Source material ▸
==*==
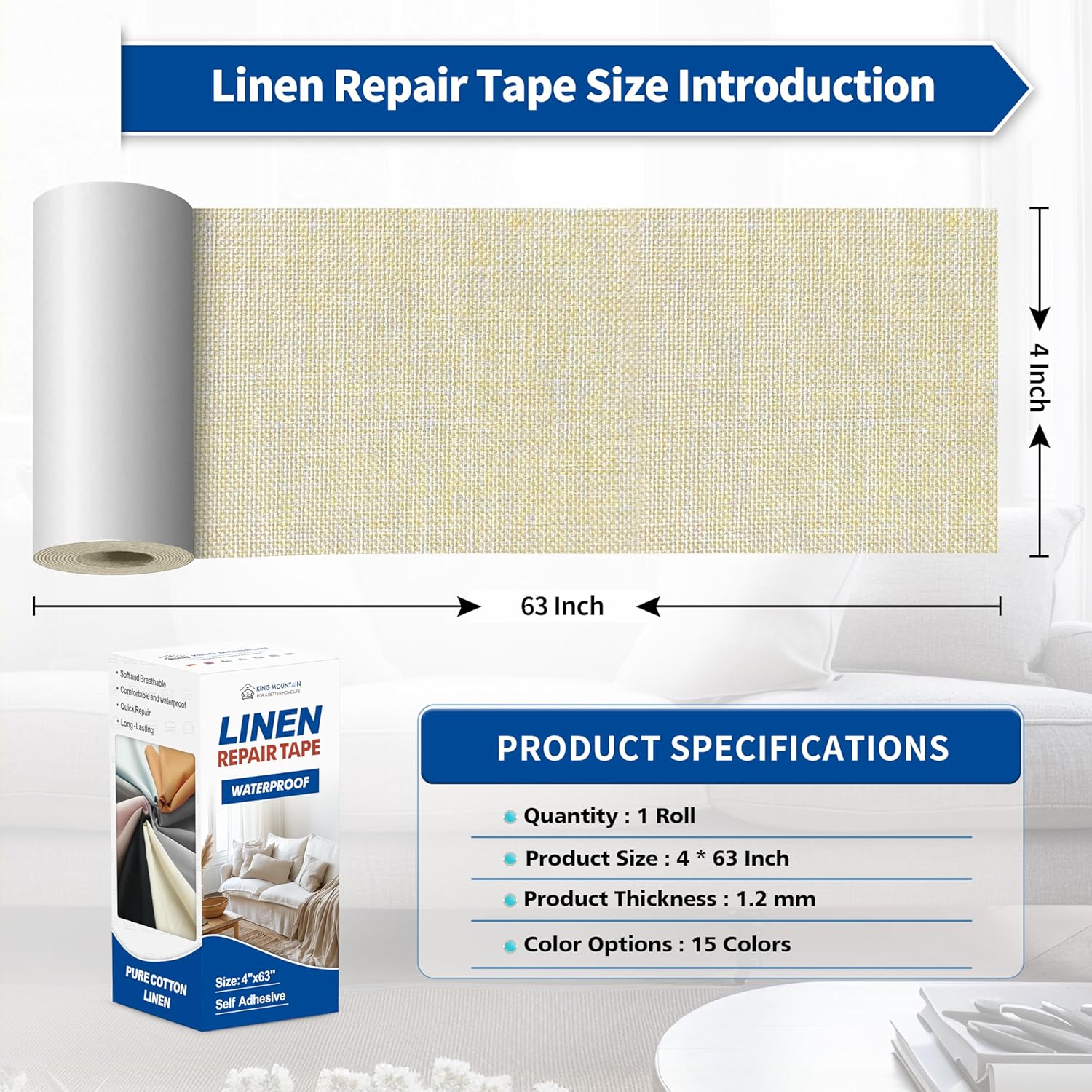 - Soft Fabric Repair Tape: Classic size 4" x 63", economical and practical, made of pure cotton linen repair tape, with a smooth and soft surface, comfortable and breathable, scratch-resistant and durable, it does not fade after long-term use, providing the comfort you desire while completing the repair.
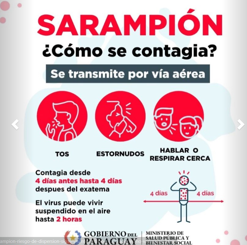El sarampión es una enfermedad viral de rápida propagación que se transmite a través de microgotas expulsadas al hablar, toser o estornudar, las cuales pueden permanecer suspendidas en el aire hasta por dos horas.
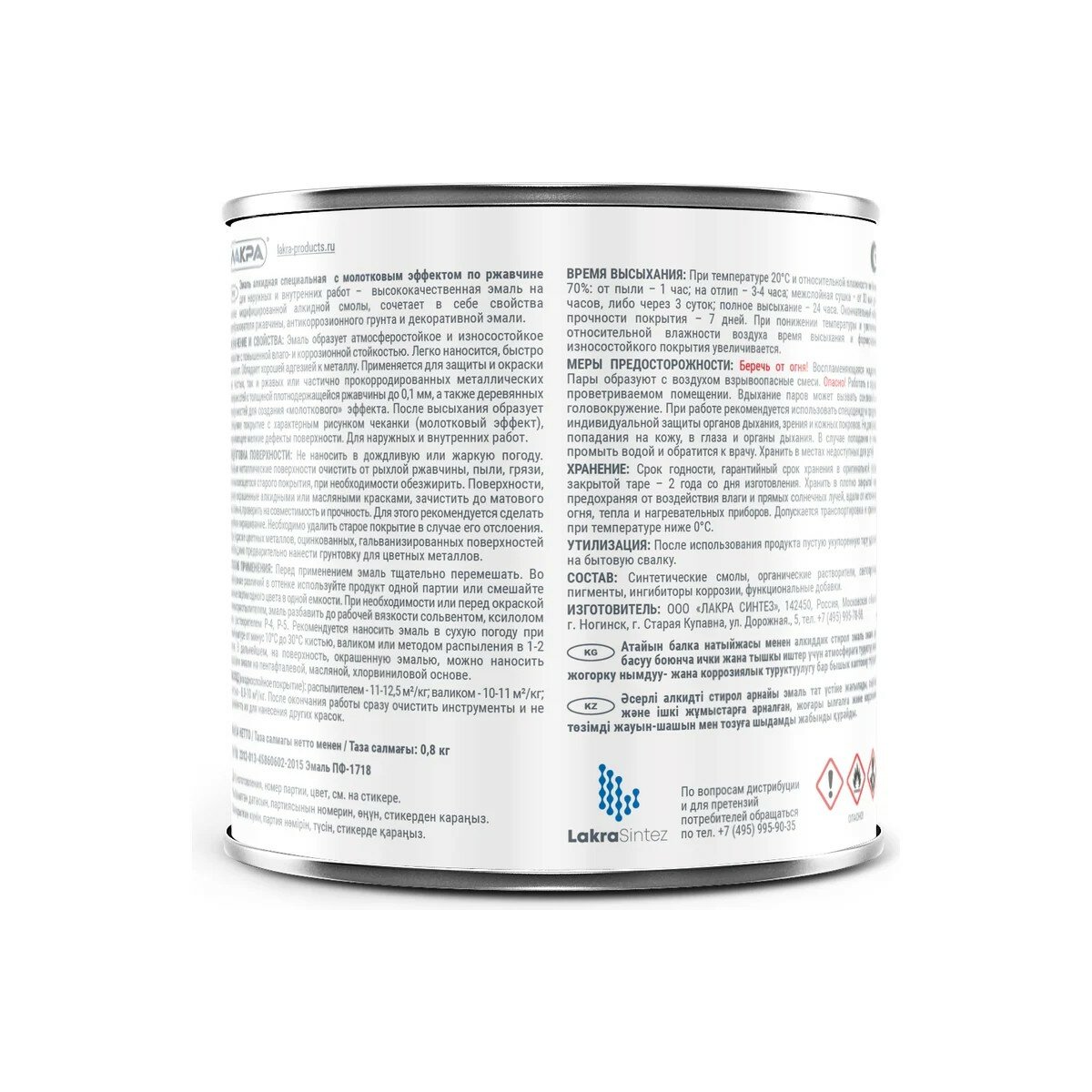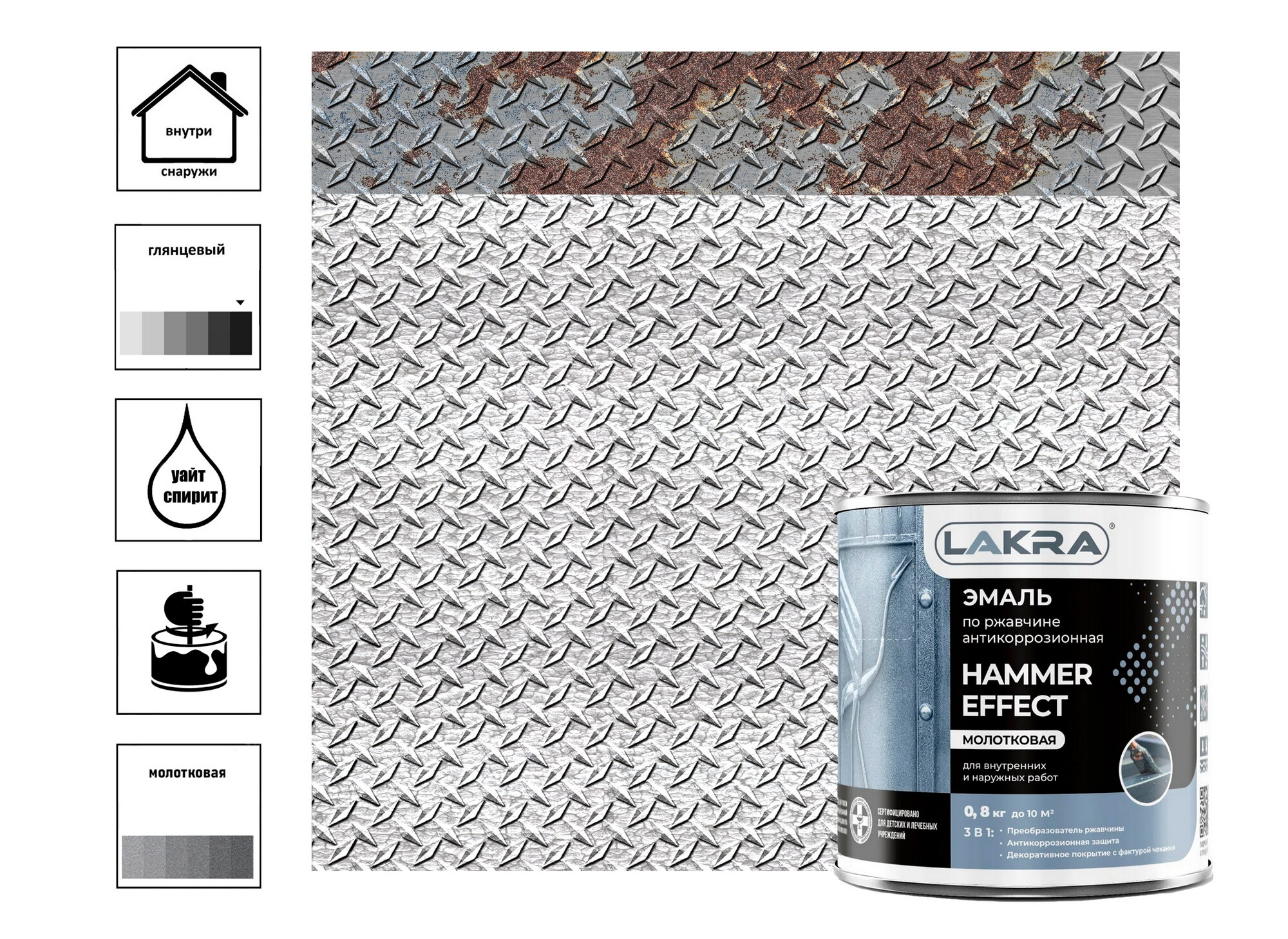 Эмаль по ржавчине Лакра с молотковым эффектом серебро 0,8 кг информация:
==*==
What is being asked ▸
Set out the material once more, exact in every line, with no images.

Response for this exercise ▸
 - Soft Fabric Repair Tape: Classic size 4" x 63", economical and practical, made of pure cotton linen repair tape, with a smooth and soft surface, comfortable and breathable, scratch-resistant and durable, it does not fade after long-term use, providing the comfort you desire while completing the repair.
El sarampión es una enfermedad viral de rápida propagación que se transmite a través de microgotas expulsadas al hablar, toser o estornudar, las cuales pueden permanecer suspendidas en el aire hasta por dos horas.
 Эмаль по ржавчине Лакра с молотковым эффектом серебро 0,8 кг информация:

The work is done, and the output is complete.